Обматерили его на границе, Маркиза палец средний вверх выпятила – что за жест, удивился еще тогда Владимир Ильич, но, на всякий случай, запомнил (на пленумах пригодится), – повернулись инкубы и скрылись в растленной шведской толпе.

Денег нет совсем, просто беда, вся партийная касса на эти переезды вылетела. Правда, несколько глотков «Агдама» Владимир Ильич все-таки себе позволил. Заслужил. Устал, однако. И ночевать негде. В разбитых «дуберсах» ни в одну финскую гостиницу не пустят.

А вкус у «Агдама» странный. Индустриализацией отдает. И электрификацией. А горло перехватывает. Хочешь сказать: «Дайте сдачи», – а поневоле вылетает гортанное и варварское «ГОЭЛРО».

Машинист попался – душка, чудесный грузин. Но – на всякий случай посадил рядом с топкой. Чтоб не баловал попутчик. Сыды, говорит, поэзжай до лубой станция, куда тэбэ, ара, нужно. Главное, спат мнэ нэ давай, рассказывай чего-нибуд. А то, говорит, сам знаэш – заснэш за рулем...

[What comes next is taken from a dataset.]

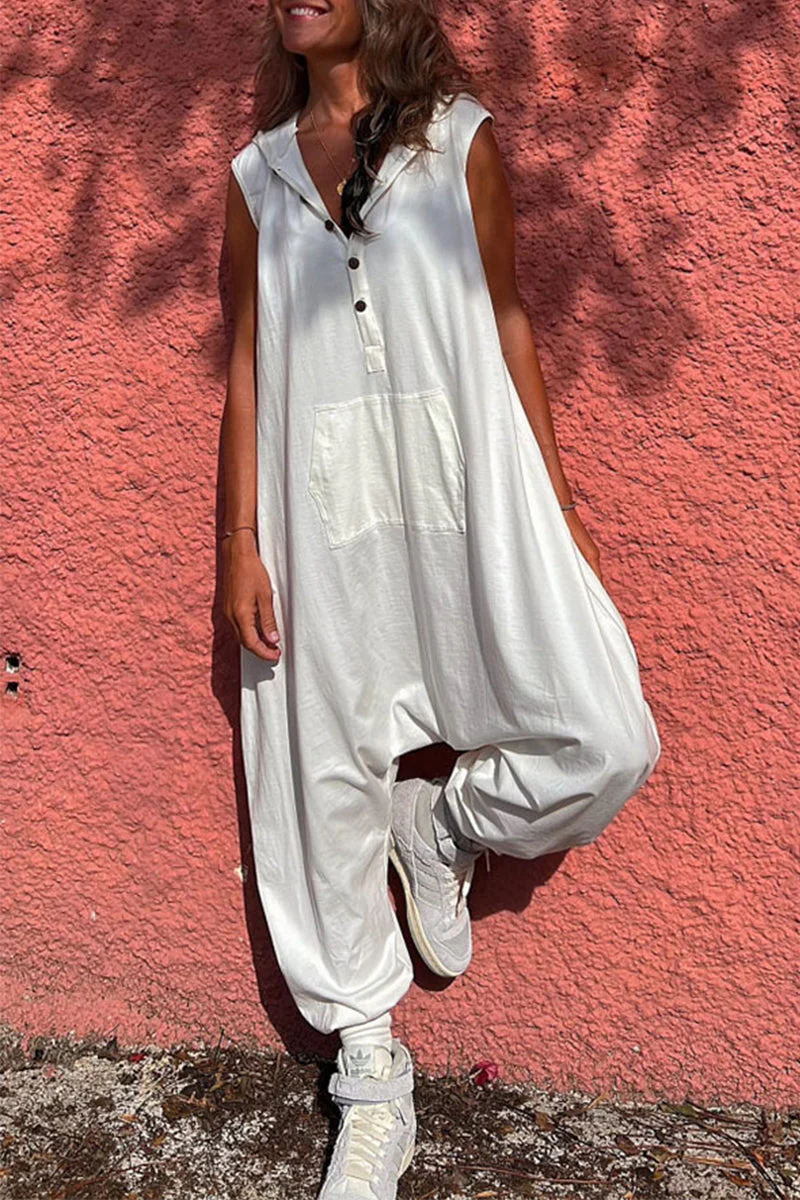 Casual Sportswear Solid Pockets Hooded Collar Straight Jumpsuits (3 Colores)

Руля Владимир Ильич, правда, так и не обнаружил, потея возле топки. Но грузин ему определенно понравился. Все-то у него в паровозе ладилось – то пар выпустит, то бомбу в окно бросит. В общем, симпатяга. В тендере паровоза овечки блеют. А на клапане котла – доллар железный бряцает – для удачи. Кабина локомотива вся сплошь в дагеротипах членов североамерканского конгресса первого созыва, по которым темпераментный грузин то кулаком бил, то соусом ткемали мазал – ублажал.

Сначала, потея от страха и жара печи, Владимир Ильич молчал – от самого Гельсингфорса до Выборга. А потом вдруг неожиданно почувствовал симпатию к машинисту – уж больно хорош тот был, когда, проезжая мимо больших станций, бомбы в окно швырял.

На подъезде к Выборгу белоирокезы повстречались, так симпатичный грузин просто в окошко посмотрел, бровями повел – тут же пришпорили коней белоирокезы и растворились в поднявшемся неожиданно со всех финских болот тумане, пряча в седельные сумки видавшие виды скальпы. И поглотил их туман, и тьма пожрала белоирокезов вместе со скальпами, лошадьми и политической несостоятельностью.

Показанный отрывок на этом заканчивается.